→ TASK BRIEF: Copy each of the entries below faithfully, setting aside any pictures.

→ DATA IN THIS EXERCISE:
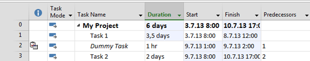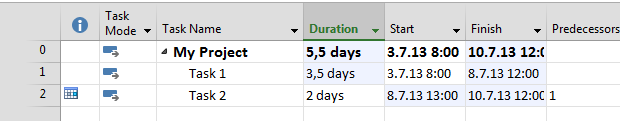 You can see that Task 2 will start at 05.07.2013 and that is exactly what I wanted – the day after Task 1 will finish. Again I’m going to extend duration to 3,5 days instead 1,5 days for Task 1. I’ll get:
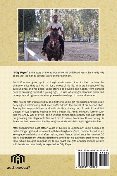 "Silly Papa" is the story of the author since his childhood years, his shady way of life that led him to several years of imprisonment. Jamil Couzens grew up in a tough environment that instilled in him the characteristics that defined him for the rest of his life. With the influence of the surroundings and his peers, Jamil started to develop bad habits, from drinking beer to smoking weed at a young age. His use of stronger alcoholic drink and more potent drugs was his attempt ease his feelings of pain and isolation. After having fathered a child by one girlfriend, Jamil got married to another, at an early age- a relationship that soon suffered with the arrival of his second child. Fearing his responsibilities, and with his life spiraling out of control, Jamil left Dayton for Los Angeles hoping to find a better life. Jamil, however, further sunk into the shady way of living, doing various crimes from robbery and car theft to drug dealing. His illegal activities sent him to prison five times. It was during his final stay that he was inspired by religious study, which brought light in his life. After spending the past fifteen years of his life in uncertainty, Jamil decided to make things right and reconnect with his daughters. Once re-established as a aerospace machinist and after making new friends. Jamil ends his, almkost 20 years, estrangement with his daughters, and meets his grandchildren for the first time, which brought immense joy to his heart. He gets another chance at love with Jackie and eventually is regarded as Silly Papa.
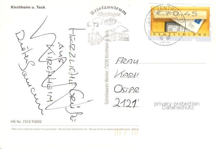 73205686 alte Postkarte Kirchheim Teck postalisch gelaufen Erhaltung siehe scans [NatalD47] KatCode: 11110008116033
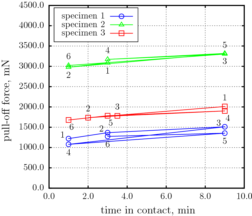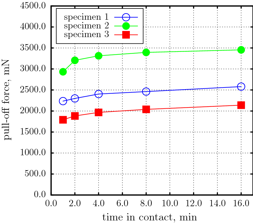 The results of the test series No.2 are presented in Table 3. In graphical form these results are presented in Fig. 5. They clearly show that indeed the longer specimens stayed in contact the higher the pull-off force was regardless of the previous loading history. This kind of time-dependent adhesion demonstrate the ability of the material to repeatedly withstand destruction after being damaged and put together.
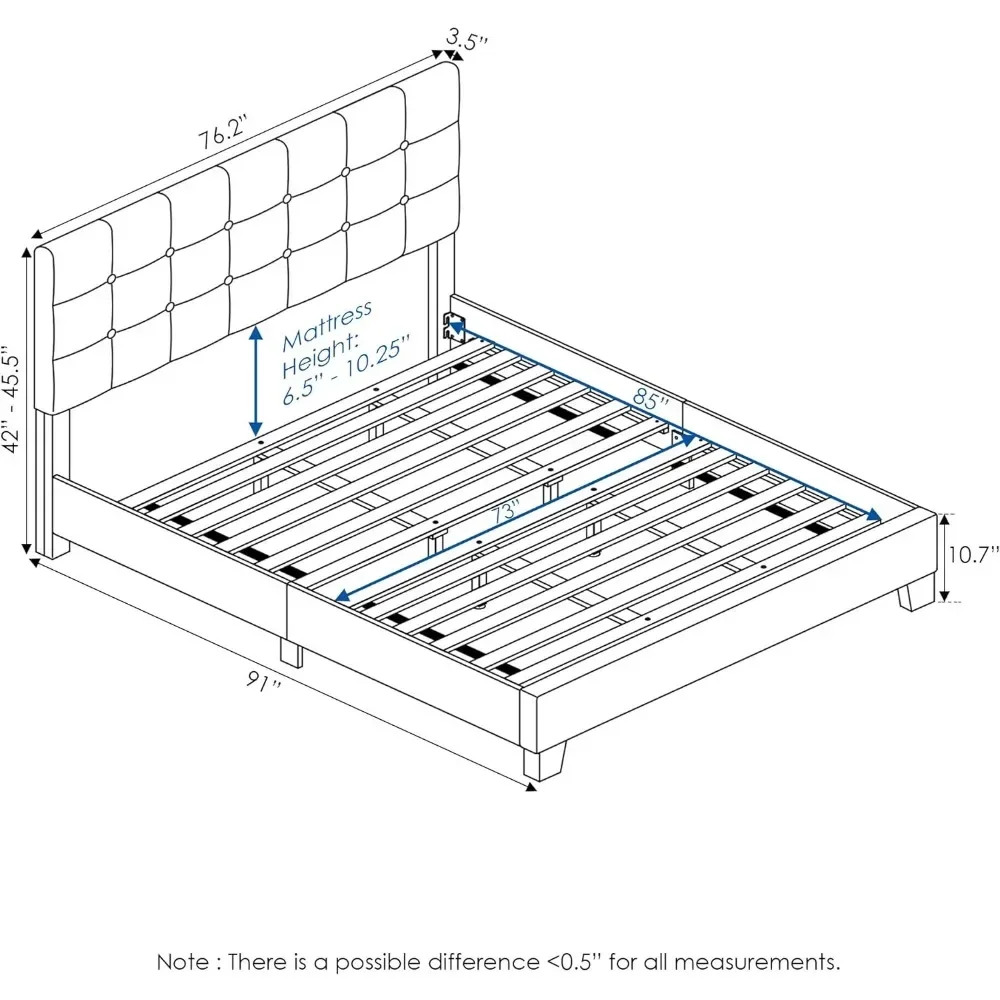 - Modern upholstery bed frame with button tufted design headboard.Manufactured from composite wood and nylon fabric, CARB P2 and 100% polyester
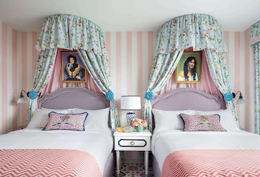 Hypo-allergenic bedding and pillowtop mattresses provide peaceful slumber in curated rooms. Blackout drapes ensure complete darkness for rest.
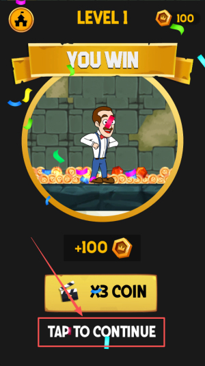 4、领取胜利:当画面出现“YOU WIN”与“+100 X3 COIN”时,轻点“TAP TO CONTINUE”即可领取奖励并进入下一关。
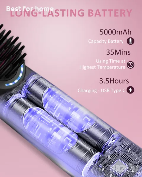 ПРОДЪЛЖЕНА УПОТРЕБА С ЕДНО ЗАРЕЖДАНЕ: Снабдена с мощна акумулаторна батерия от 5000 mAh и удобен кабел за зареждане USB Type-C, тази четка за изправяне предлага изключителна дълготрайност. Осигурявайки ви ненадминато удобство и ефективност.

→ OUTPUT BELOW:
 You can see that Task 2 will start at 05.07.2013 and that is exactly what I wanted – the day after Task 1 will finish. Again I’m going to extend duration to 3,5 days instead 1,5 days for Task 1. I’ll get:
 "Silly Papa" is the story of the author since his childhood years, his shady way of life that led him to several years of imprisonment. Jamil Couzens grew up in a tough environment that instilled in him the characteristics that defined him for the rest of his life. With the influence of the surroundings and his peers, Jamil started to develop bad habits, from drinking beer to smoking weed at a young age. His use of stronger alcoholic drink and more potent drugs was his attempt ease his feelings of pain and isolation. After having fathered a child by one girlfriend, Jamil got married to another, at an early age- a relationship that soon suffered with the arrival of his second child. Fearing his responsibilities, and with his life spiraling out of control, Jamil left Dayton for Los Angeles hoping to find a better life. Jamil, however, further sunk into the shady way of living, doing various crimes from robbery and car theft to drug dealing. His illegal activities sent him to prison five times. It was during his final stay that he was inspired by religious study, which brought light in his life. After spending the past fifteen years of his life in uncertainty, Jamil decided to make things right and reconnect with his daughters. Once re-established as a aerospace machinist and after making new friends. Jamil ends his, almkost 20 years, estrangement with his daughters, and meets his grandchildren for the first time, which brought immense joy to his heart. He gets another chance at love with Jackie and eventually is regarded as Silly Papa.
 73205686 alte Postkarte Kirchheim Teck postalisch gelaufen Erhaltung siehe scans [NatalD47] KatCode: 11110008116033
 The results of the test series No.2 are presented in Table 3. In graphical form these results are presented in Fig. 5. They clearly show that indeed the longer specimens stayed in contact the higher the pull-off force was regardless of the previous loading history. This kind of time-dependent adhesion demonstrate the ability of the material to repeatedly withstand destruction after being damaged and put together.
 - Modern upholstery bed frame with button tufted design headboard.Manufactured from composite wood and nylon fabric, CARB P2 and 100% polyester
 Hypo-allergenic bedding and pillowtop mattresses provide peaceful slumber in curated rooms. Blackout drapes ensure complete darkness for rest.
 4、领取胜利:当画面出现“YOU WIN”与“+100 X3 COIN”时,轻点“TAP TO CONTINUE”即可领取奖励并进入下一关。
 ПРОДЪЛЖЕНА УПОТРЕБА С ЕДНО ЗАРЕЖДАНЕ: Снабдена с мощна акумулаторна батерия от 5000 mAh и удобен кабел за зареждане USB Type-C, тази четка за изправяне предлага изключителна дълготрайност. Осигурявайки ви ненадминато удобство и ефективност.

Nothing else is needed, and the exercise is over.